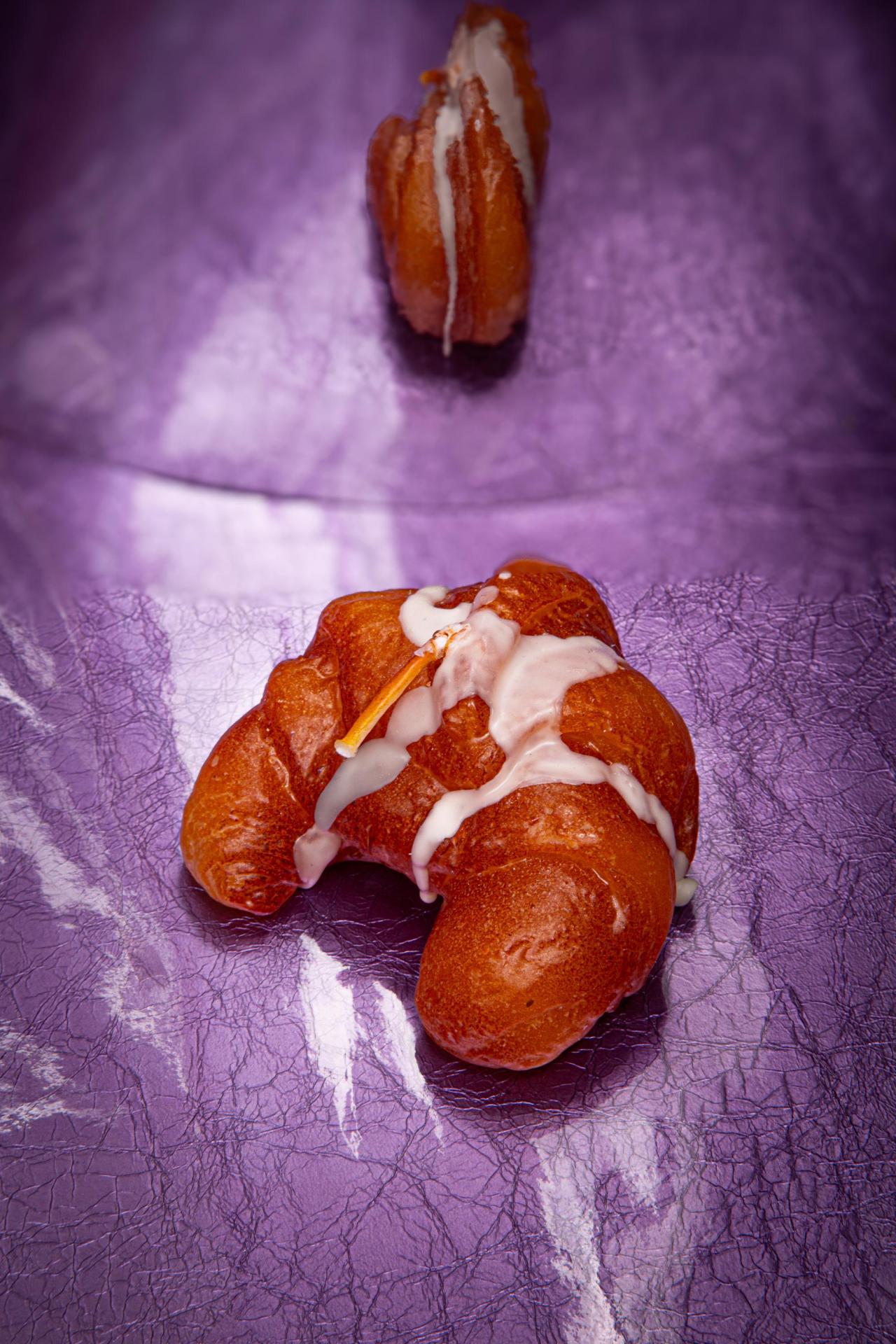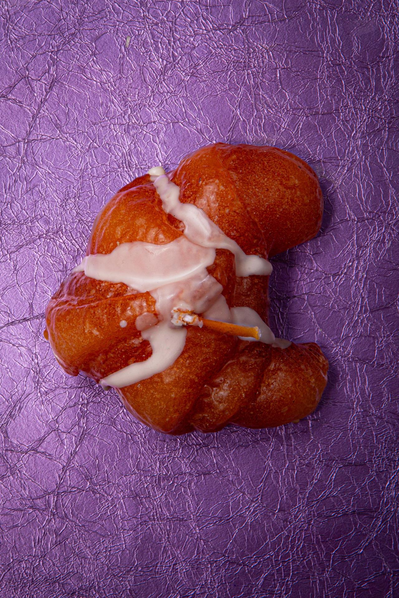 Une bougie ultra réaliste en forme de croissant doré, décorée d’un filet de “glaçage”, aussi amusante que décorative.
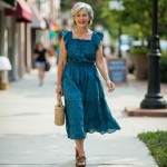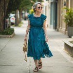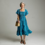Stylish 40-Year-Old Woman with Gray Bob in Teal Midi Dress and Raffia Sandals
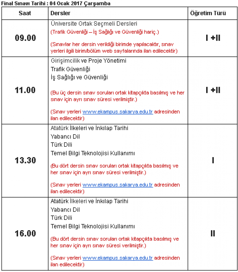 Üniversite Ortak Seçmeli/Zorunlu Derslerinin sınav programı ekteki resimlerde mevcuttur. Ayrıca;
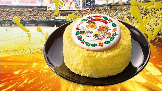 福岡ソフトバンクホークスのイメージカラーである“イエロー”を基調としたケーキにクリスマスを楽しむハリーホークとハニーホークがデザインされたイオン九州限定のチーズケーキです。
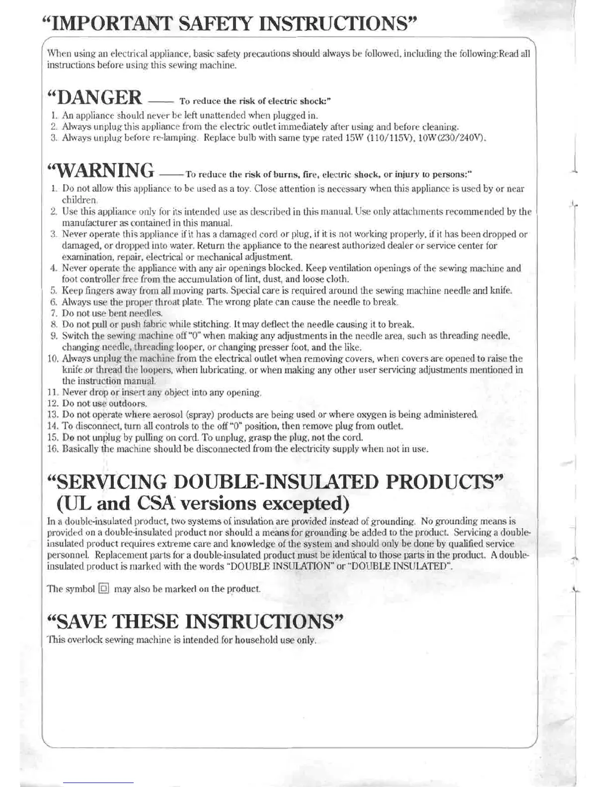 JUKI MO-654DE/654 - Important Safety Instructions; DANGER - Electric Shock Risk; WARNING - Personal Injury Risk

+++++

→ **Problem to solve**
Your task is to output the material word for word while leaving out every image.

→ **Written reply**
 Une bougie ultra réaliste en forme de croissant doré, décorée d’un filet de “glaçage”, aussi amusante que décorative.
Stylish 40-Year-Old Woman with Gray Bob in Teal Midi Dress and Raffia Sandals
 Üniversite Ortak Seçmeli/Zorunlu Derslerinin sınav programı ekteki resimlerde mevcuttur. Ayrıca;
 福岡ソフトバンクホークスのイメージカラーである“イエロー”を基調としたケーキにクリスマスを楽しむハリーホークとハニーホークがデザインされたイオン九州限定のチーズケーキです。
 JUKI MO-654DE/654 - Important Safety Instructions; DANGER - Electric Shock Risk; WARNING - Personal Injury Risk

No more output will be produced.